Section 2 requires redistricting maps to be “equally open to participation” by protected groups — including racial minorities. Wednesday’s Supreme Court ruling left Section 2 intact but significantly limited how it could be applied by raising the bar for violations to “a strong inference that intentional discrimination occurred.”

The three-judge Supreme Court’s liberal minority argued that the changes to Section 2 effectively dismantled the Voting Rights Act. The conservative majority on the court narrows the 2013 law.

Conservatives in California celebrated the decision.

Chris Keyser, a senior staff attorney at the Pacific Legal Foundation, said the ruling was a long-hoped-for victory for California conservatives who argued that Section 2 of the Voting Rights Act improperly uses race in redistricting.

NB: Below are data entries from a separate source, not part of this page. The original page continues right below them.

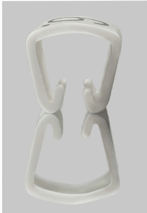
Podobny do przedstawionego na ilustracji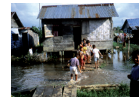
Familie vor ihrem Haus in den Slums

Gleichzeitig erfahren sie etwas über die Probleme in diesem Land und die von Dülmen geleisteten Hilfen.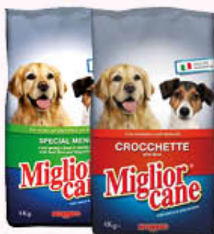
MIGLIOR CANE CROCCHETTE 4 Kg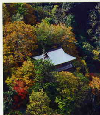
Молельня Мондзудо (храмовый комплекс Санбуцудзи)

Зарегистрированы в качестве Важных Культурных Ценностей Японии.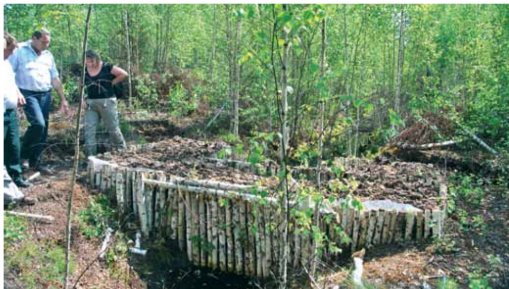
Плотина перекрывает картовый канал на Долбенишках.

Восстановление гидрологического режима нарушенного болота Долбенишки Шарковщинского района Витебской области было начато в 2010 г. и завершилось летом 2011 г. Площадь восстановленной территории – 5501 га. Восстановительные работы были сконцентрированы на участке бывшей торфоразработки. В соответствии со строительным проектом, было построено 30 земляных и комбинированных (земляных и деревянных) перемычек на картовых и магистральном каналах.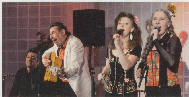
In der Tradition der Roma: Die Musikerinnen und Musiker von «Dschané».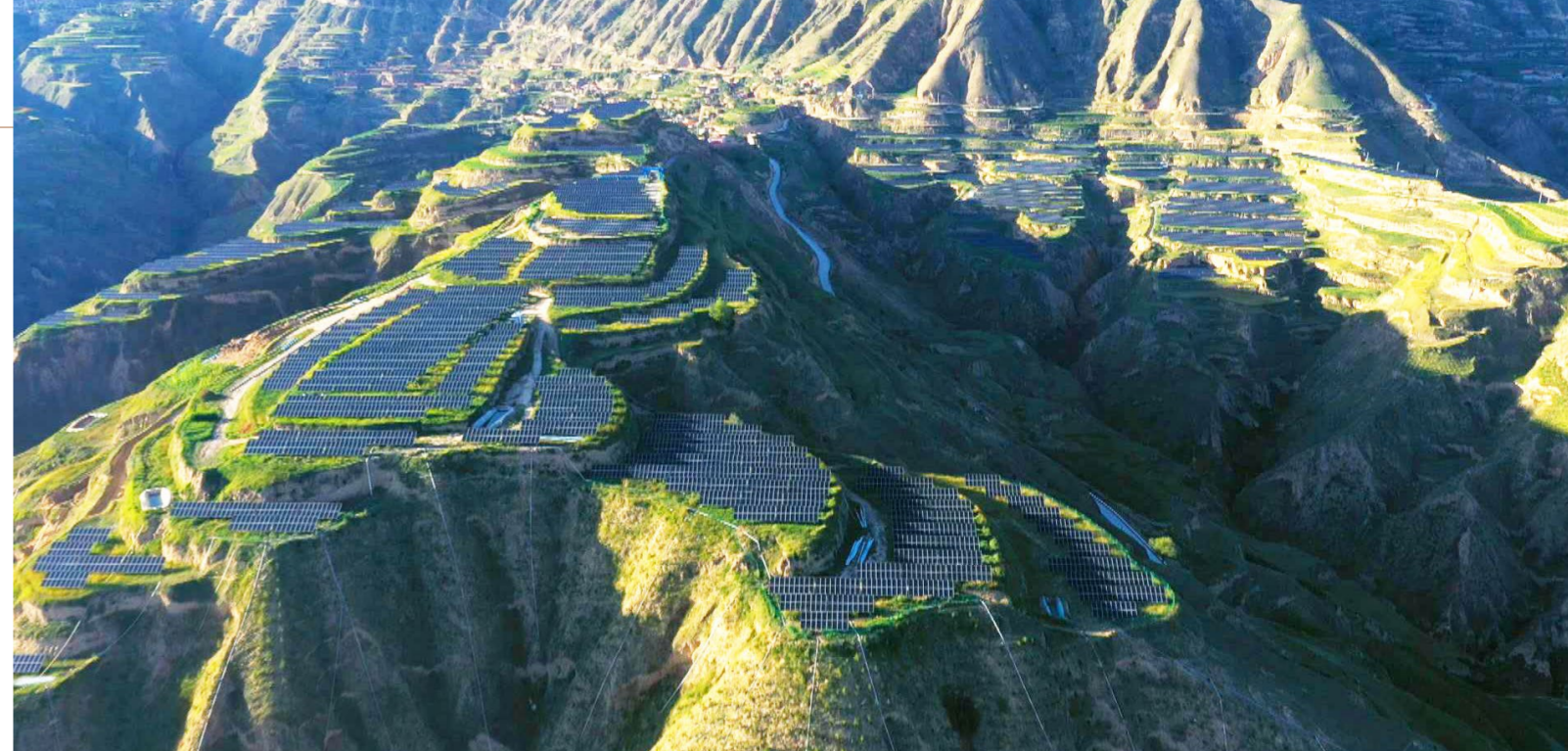
中国石化在布楞沟流域援建的光伏发电项目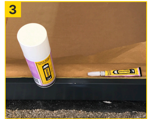
3 Kratzer mit Quick Bond auffüllen und Quick Bond Activator zum sofortigen Aushärten aufsprühen.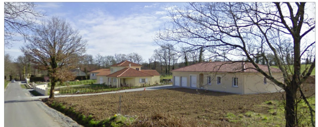
Exemple de développement linéaire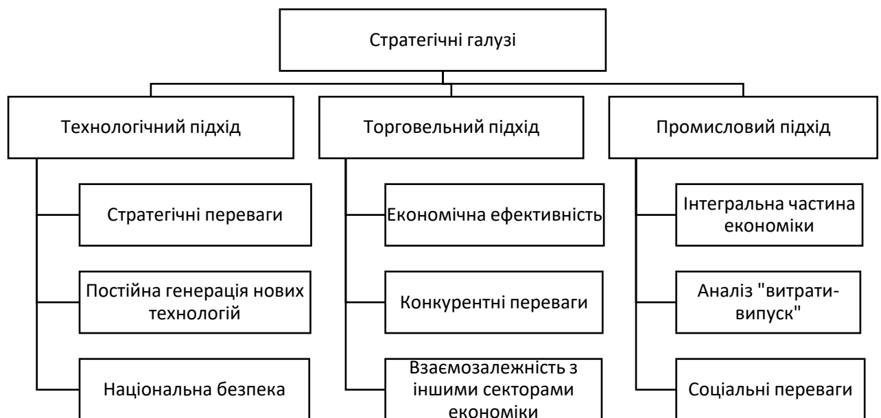
Рис. 1. Підходи до визначення стратегічних галузей національного господарства

Запропоновано модель впливу стратегічних галузей на економіку, яка встановлює як прямий, так і опосередкований вплив галузі на національне господарство. При вимірюванні прямого економічного впливу певного сектору рекомендуємо використовувати будь-який показник, що найбільш точно визначає розмір галузі, наприклад, частку у ВВП або питому вагу зайнятих у галузі в загальній кількості зайнятих, а для оцінки опосередкованого впливу галузі на національне господарство пропонуємо встановити залежності, що існують між певною галуззю та іншими секторами економіки, а також напрям цієї залежності, тобто потрібно визначити: чи галузь отримує імпульси від інших секторів, чи саме вона створює ці імпульси для інших секторів. Обґрунтовано основні напрями впливу державного регулювання на функціонування економіки і отримано висновок, що спрощення процедур державного регулювання є позитивним явищем для економіки, особливо за умови скорочення витрат на його реалізацію. Визначено, що підставою для запровадження державного регулювання повинен бути ретельний аналіз, який дасть змогу сформулювати комплекс заходів, що торкаються одночасно таких сфер як торгівля, інвестиції, конкуренція та технології (рис. 1).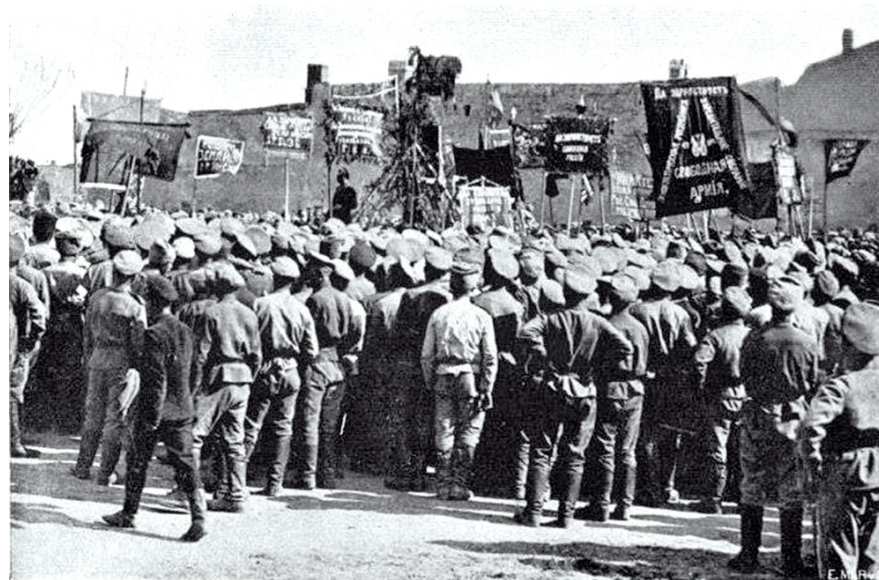
Demonstrație pentru pace a soldaților ruși din Bacău, mai 1917.

“The very idea of ​​a majority-minority district and having a candidate of their choice is antithetical to democracy,” Kizer said. “Voting is an individual right, not a group right.”

The Voting Rights Act was used primarily to help the state’s growing Hispanic population gain political representation from the 1960s to the 1990s. Thomas A. Saenz, president and general counsel of the Mexican American Legal Defense and Education Fund, said the decision is unlikely to have an immediate impact in California.

The decision will not affect California’s recent redistricting efforts, he said, nor will it affect the decisions of the state’s independent redistricting commission.

“I don’t believe there is arguable fraud in this state,” Saenz said.

But Rosalind Gold, chief public policy officer for the Education Fund of the National Association of Latino Elected and Appointed Officials, said the decision has dire long-term implications for Latino representation in California.

“By gutting the Voting Rights Act, it could open the door to counties and localities looking at how they used Section 2 to draw their maps and challenging those maps,” Gold said.